Collected data:

• • • • • • •

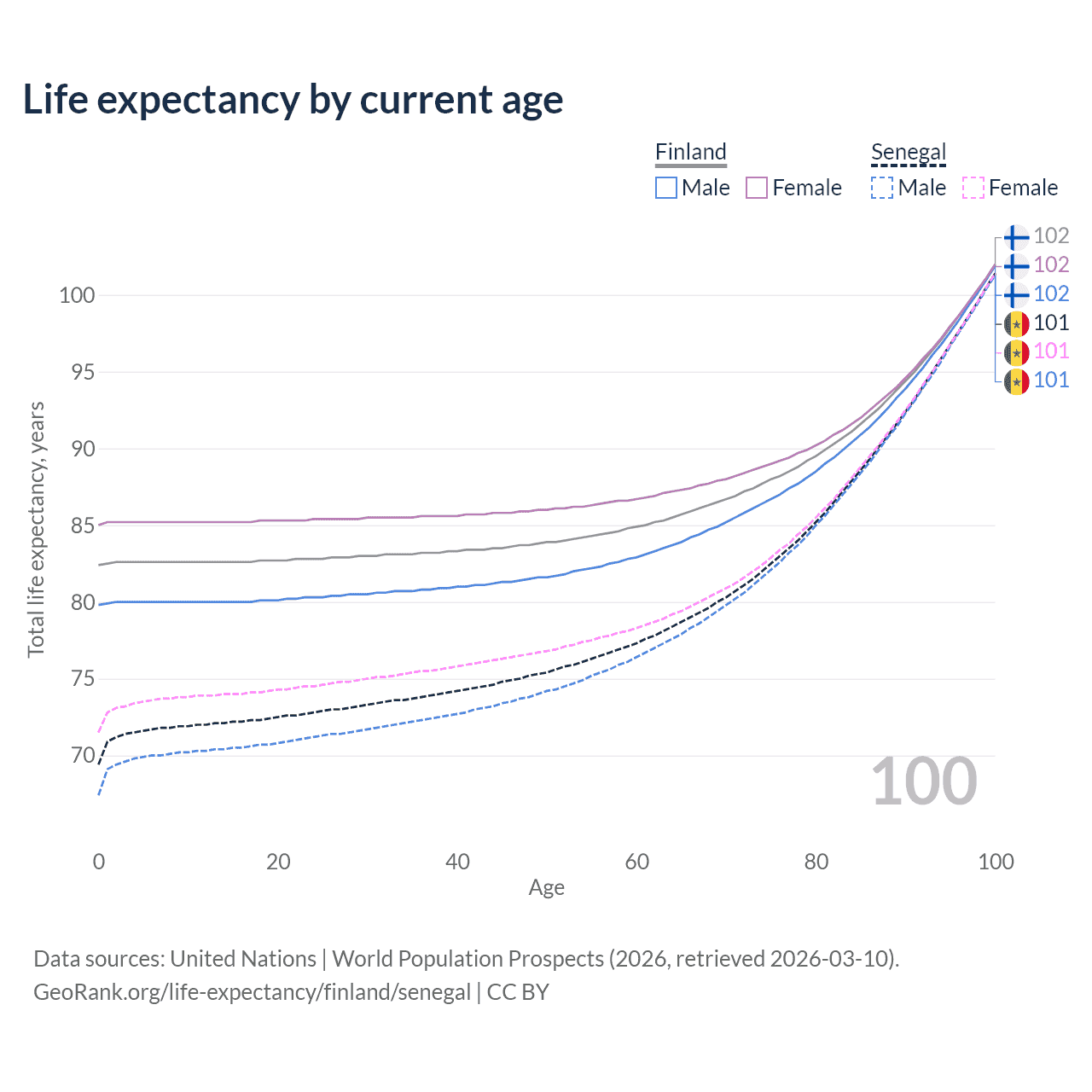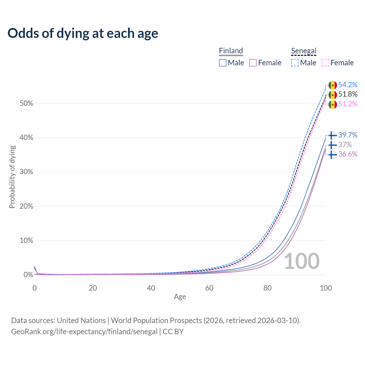 This life expectancy calculator shows the odds of living to 100, 95, 90, and below based on current age for both males and females in Finland and Senegal, along with mean and median age of death. The calculations are based on the 2026 life tables (actuarial tables) from the UN World Population Prospects.
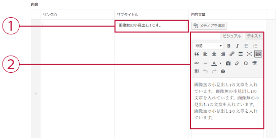 タイトル、画像の下にタイトルと文章を入れる複製が可能な入力ボックスのセットです。
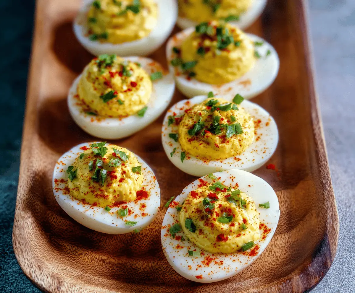 Delicious deviled eggs with a creamy mustard filling, perfect for appetizers and parties.
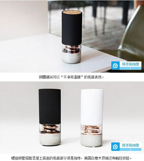 今天我們要介紹的是一款造型設(shè)計(jì)和材質(zhì)都非常獨(dú)特的藍(lán)牙音箱,它就是結(jié)合了混凝土基座和螺旋銅管低音部件的Pavilion。該揚(yáng)聲器目前正在Kickstarter上進(jìn)行眾籌,其設(shè)計(jì)者則是Hult Design。Pavilion支持藍(lán) Pavilion的直徑為3.95英寸(10 cm)、高10.22英寸(26cm)、重3.3磅(1.5 kg),感興趣的伙伴可以拿出$229美元去買一個(gè)白色或黑色版本(比零售價(jià)要便宜$110美元)。

• • • • • • •

Problem to solve:
With pictures omitted, restate exactly every line from the one containing "Delicious deviled eggs" through the last line of the material, inclusive.

Task output:
 Delicious deviled eggs with a creamy mustard filling, perfect for appetizers and parties.
 今天我們要介紹的是一款造型設(shè)計(jì)和材質(zhì)都非常獨(dú)特的藍(lán)牙音箱,它就是結(jié)合了混凝土基座和螺旋銅管低音部件的Pavilion。該揚(yáng)聲器目前正在Kickstarter上進(jìn)行眾籌,其設(shè)計(jì)者則是Hult Design。Pavilion支持藍(lán) Pavilion的直徑為3.95英寸(10 cm)、高10.22英寸(26cm)、重3.3磅(1.5 kg),感興趣的伙伴可以拿出$229美元去買一個(gè)白色或黑色版本(比零售價(jià)要便宜$110美元)。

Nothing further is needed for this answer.